The Mudcat Café TM
Thread #25235   Message #295759
Posted By: Little Hawk
12-Sep-00 - 01:25 PM
Thread Name: BS: Mangling the English Language
Subject: RE: BS: Mangling the English Language
Despite being an almost impeccable speller and grammarian (or is that "grammaratician", ha ha), I have slipped up on occasion. I once used the word quay (pronounced "key") in a song, thinking it was pronounced "kway", and I rhymed it with bay. Imagine my embarrassment when someone pointed out that one. I had to rewrite the verse. The song was an early one anyway...one of those adolescent unrequited love laments...a pretty lousy song. It has been recycled in the compost bin for quite some time.

Another word I used to mispronounce was derelict. I pronounced it "derilect". The same someone caught me on that one, and I corrected it.

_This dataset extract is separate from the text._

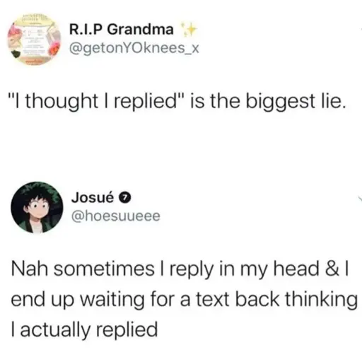 minus-squareMidsizedSedan@lemmy.worldlinkfedilinkEnglisharrow-up17·28 days agoType type type type Puts phone down Checks the next days and the message is still there. Haven’t pressed send
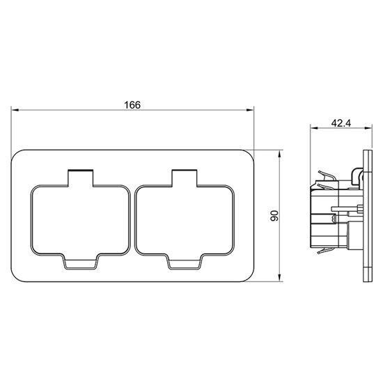 zásuvka dvojnásobná uzemnená 2x (2P+E), obdĺžnikový tvar

NU-CU-LER is the one that bugs me most!!! Why the hell can they not say it the right way...New-Clee-Arr...I grit my teeth when I hear someone say "Nucular". AAAAAAARGGHH!

Then there's "hellacious". Some marines seem to have come up with that. "Hellish" wasn't cumbersome enough for them, so they had to add an extra syllable. Not that "hellacious" doesn't convey the idea effectively, but it's wrong, that's all.

"Bodacious" is another word that seems to have evolved in the same fashion. Duh! Same with "humungous", which used to be "huge". And "disorientated", which used to be "disoriented". And "at that point in time" (major Duh!), which used to be "at that point" or "at that time". If you read the book "stalking the wild pendulum", you will discover that there is in fact no such thing as a "point in time"...but I digress. It's odd that rednecks, who are by nature rather inarticulate (generally), and who admire rough and inarticulate speech, will go to great lengths to make the language more complicated and convoluted than it already IS...in their search for simplicity! Gaaaaak!

More examples: A country singer almost never simply says "my heart", he says "this heart of mine". Ha! Or to put it more specifically, he/she says "thiyis hooort of mahhhhhn". If he's really seriously country, he says "this here heart of mine", adding yet one more completely redundant word to the phrase. This is probably because he doesn't know that the word "this" already indicates "here", whereas the word "that" indicates "there".

"Thiyis hyere hooort of maaahhhn, ayand thayat theyer hoooortt of yoooorn..."

God, it's enough to make you turn in your antlers and retire to a monastery, there to ponder the vicissitudes of earthly existence on a planet where numerous visiting aliens have yet to find intelligent life, which is probably why they have avoided making direct dimplomatic contact thus far, especially when visiting Texas. They always keep all shields up on MAXIMUM when flying over Texas.

If I made any typos above, forgive me. It's easy to do without noticing.